To establish pretext, Plaintiff must present some evidence by which a reasonable factfinder could either "(1) disbelieve the employer's articulated legitimate reasons; or (2) believe that an invidious discriminatory reason was more likely than not a motivating or determinative cause of the employer's action." Thimons, 254 Fed. Appx. at 898 (citing Fuentes, 32 F.3d at 764). Plaintiff cannot simply show that the employer's decision was wrong or mistaken; "[r]ather, the non-moving plaintiff must demonstrate such weaknesses, implausibilities, inconsistencies, incoherencies, or contradictions in the employer's proffered legitimate reasons for its action that a reasonable factfinder could rationally find them unworthy of credence and hence infer that the employer did not act for [the asserted] non-discriminatory reasons." Fuentes, 32 F.3d at 765 (internal quotations omitted).

In the present case, there is a conflict between Plaintiff's affidavits and various evidence proffered by Defendant, including the depositions of Fred Viarrial (GES' former Chief Operating Officer and current Vice President of Human Resources and Operations) and Craig Kasper (GES' Senior Vice President of Professional Staffing), as to exactly on what basis GES decided to terminate Plaintiff. A jury could find material conflicts between the factual accounts given by Viarrial and Kasper. Specifically, there are contradictions as to whether Plaintiff's termination was based generally on poor performance, or on the Personal Success Indicator ("PSI") records, the "Perm Stack Ranking" documents, or the bi-weekly commission reports; and as to whether there has been full production by Defendant of these documents. On the morning Plaintiff was terminated, he was not given a specific reason for his termination; only after Plaintiff protested did Plaintiff's immediate supervisor, Bill Kilgour, tell him -- without providing any detail -- that Plaintiff was being fired due to lack of productivity. (Kilgour Dep. Sept. 17. 2009 at 162-64.) Plaintiff has testified that he was never made aware of complaints about his performance prior to being terminated, and believed that he was performing productively.
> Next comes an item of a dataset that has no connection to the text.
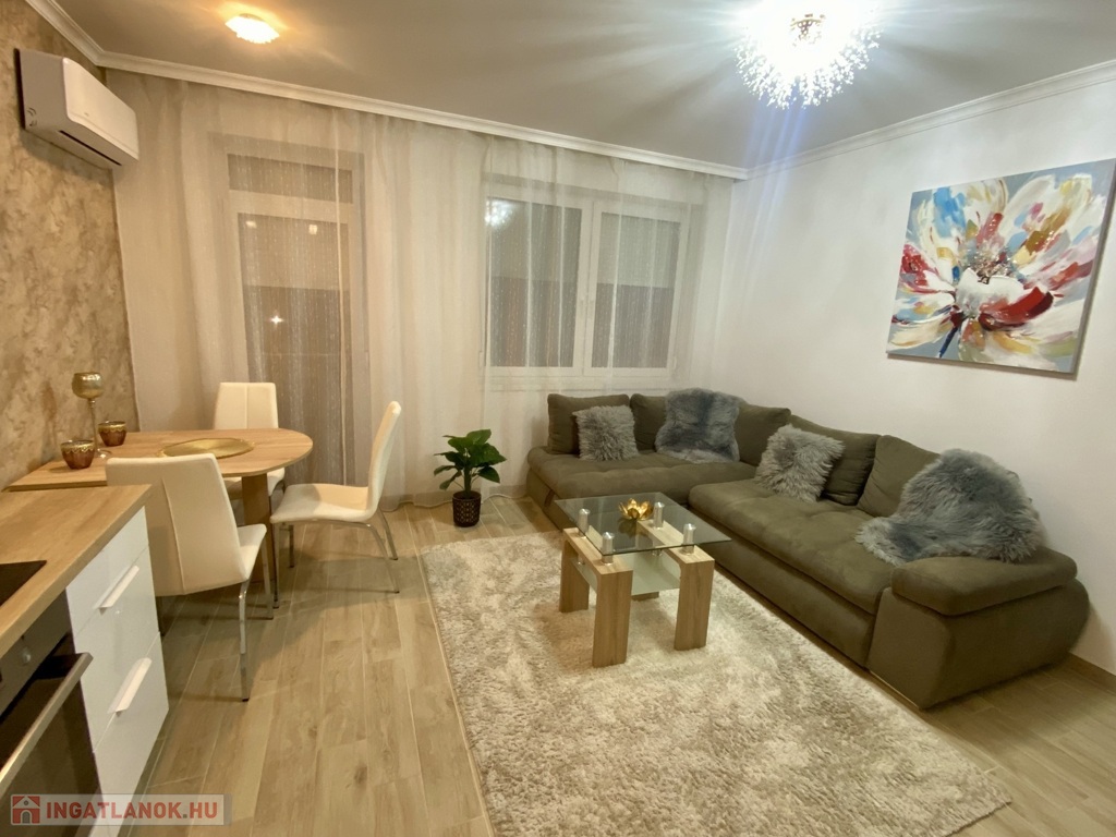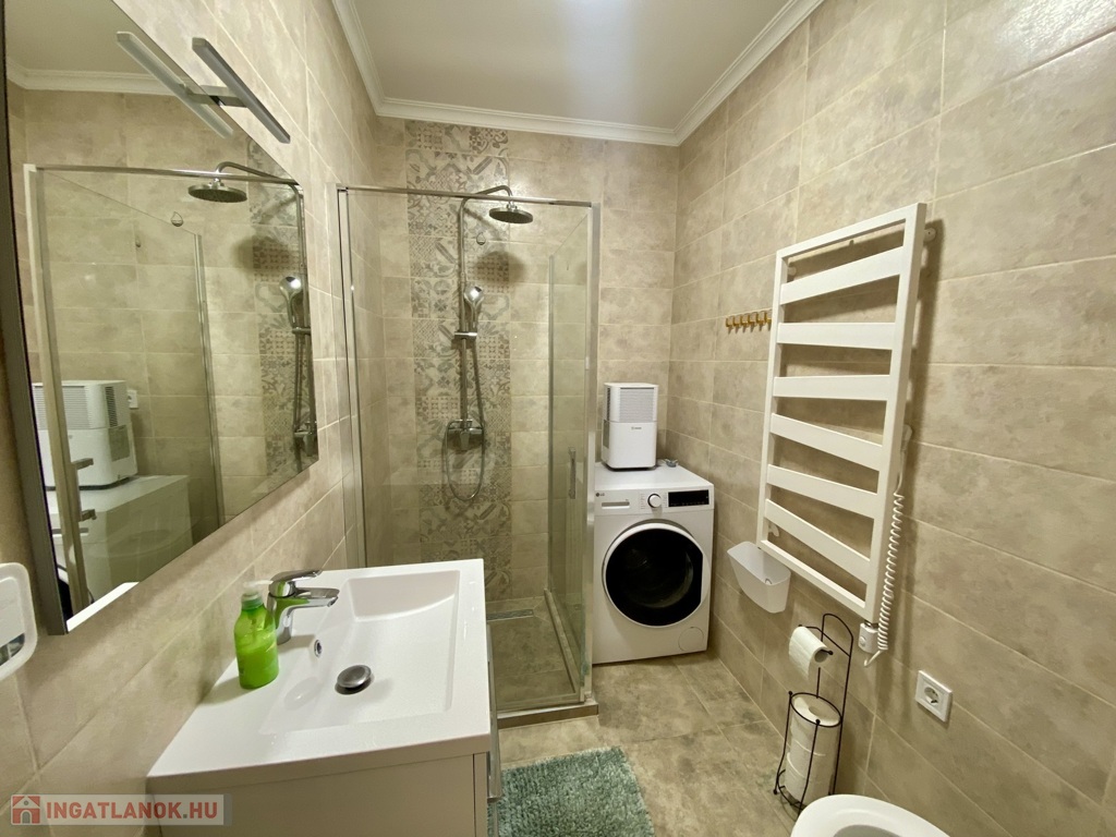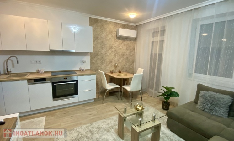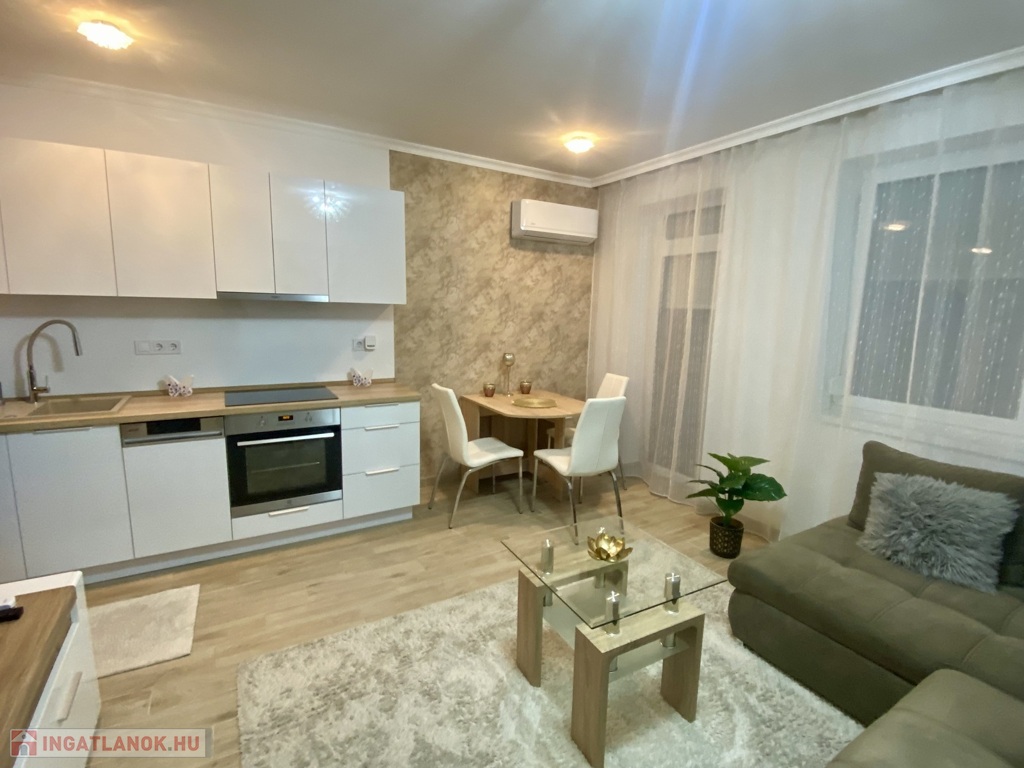 Nyíregyházán, a Belvároshoz közel, 2024-ben átadott társasházban kiadó egy 1 hálószobás + nappalis, első emeleti, klimatizált, igényesen bútorozott és teljesen gépesített lakás.

The Court concludes that Plaintiff has demonstrated inconsistencies or contradictions in GES' proffered reason for terminating him, such that Plaintiff has presented sufficient evidence of pretext to survive Defendant's summary judgment motion. It cannot be said that in the present case, there are no genuine issues of material fact regarding the pretext issue or the circumstances of Plaintiff's termination. To the contrary, the exact circumstances of Plaintiff's termination, and the "perception of the decision maker" when Plaintiff was terminated, Billet v. CIGNA Corp., 940 F.2d 812, 825 (3d Cir. 1991), are material factual questions that remain in dispute, such that granting summary judgment at this time would be inappropriate.

IV. Conclusion

For the aforementioned reasons, Defendant's motion for summary judgment is denied. An appropriate Order follows.